WHAT YOU ARE ASKED TO DO
From the records below, copy out exactly the lines from the one containing "Готовая домашняя работа" to the one containing "根据《典当管理办法》、《民法", both included. Add nothing else.

MATERIAL PROVIDED

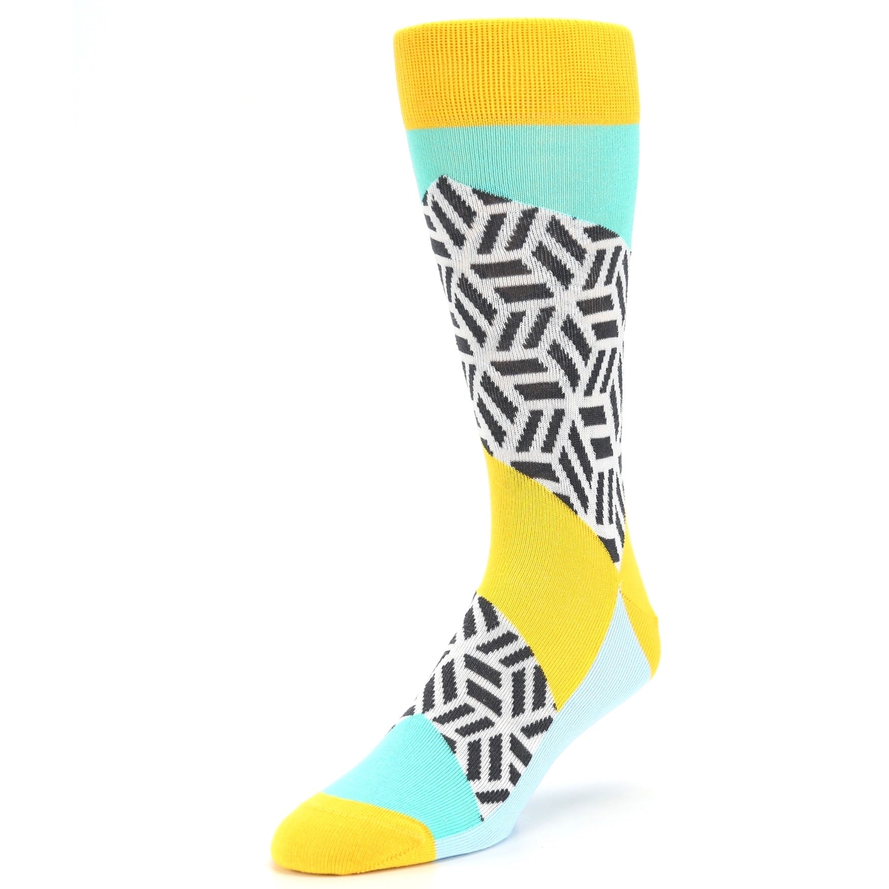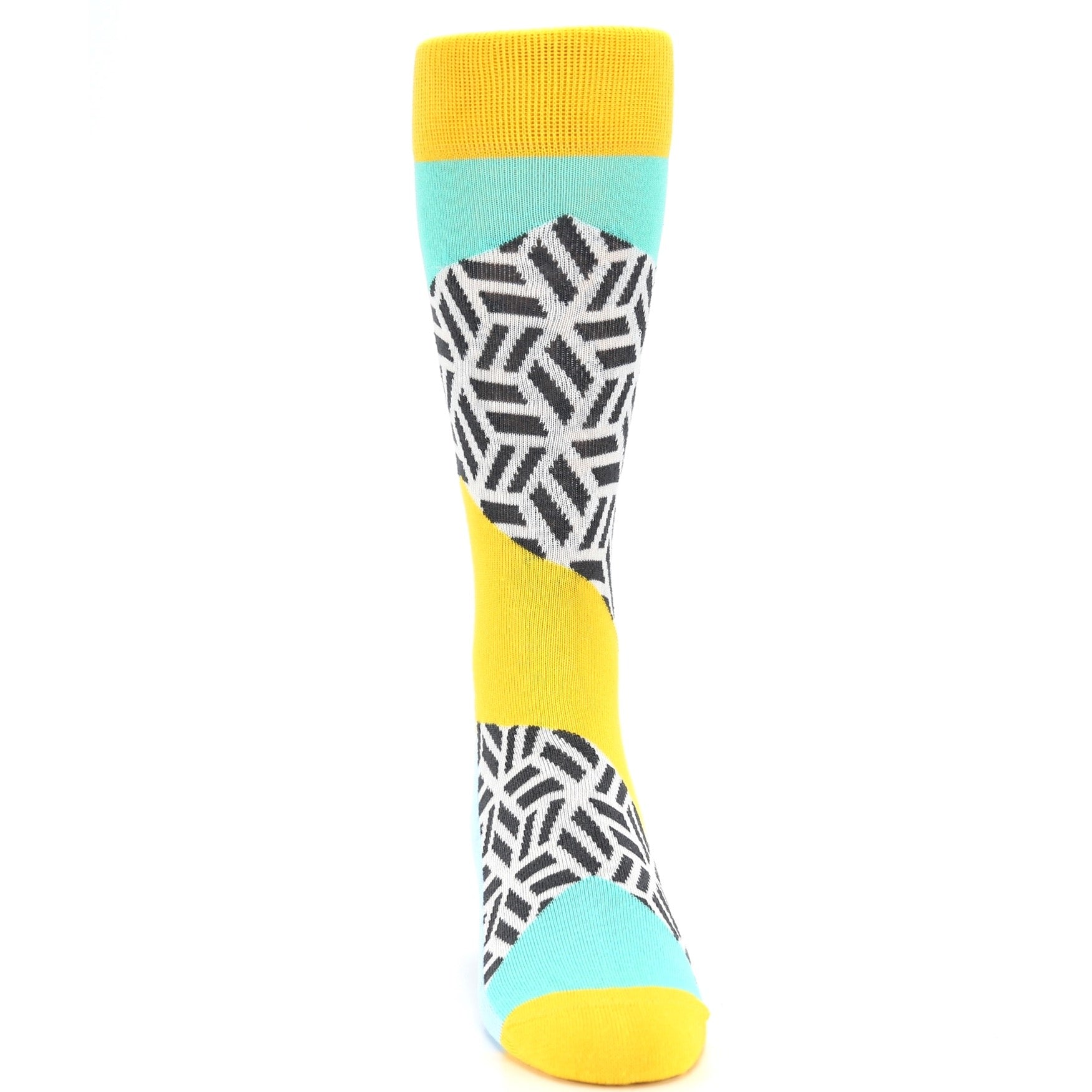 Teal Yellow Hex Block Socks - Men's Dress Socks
--
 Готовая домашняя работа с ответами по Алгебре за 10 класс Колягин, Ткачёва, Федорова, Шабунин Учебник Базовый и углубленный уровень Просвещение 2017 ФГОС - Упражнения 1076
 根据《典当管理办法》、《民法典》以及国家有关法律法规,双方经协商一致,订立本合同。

OUTPUT BELOW
 Готовая домашняя работа с ответами по Алгебре за 10 класс Колягин, Ткачёва, Федорова, Шабунин Учебник Базовый и углубленный уровень Просвещение 2017 ФГОС - Упражнения 1076
 根据《典当管理办法》、《民法典》以及国家有关法律法规,双方经协商一致,订立本合同。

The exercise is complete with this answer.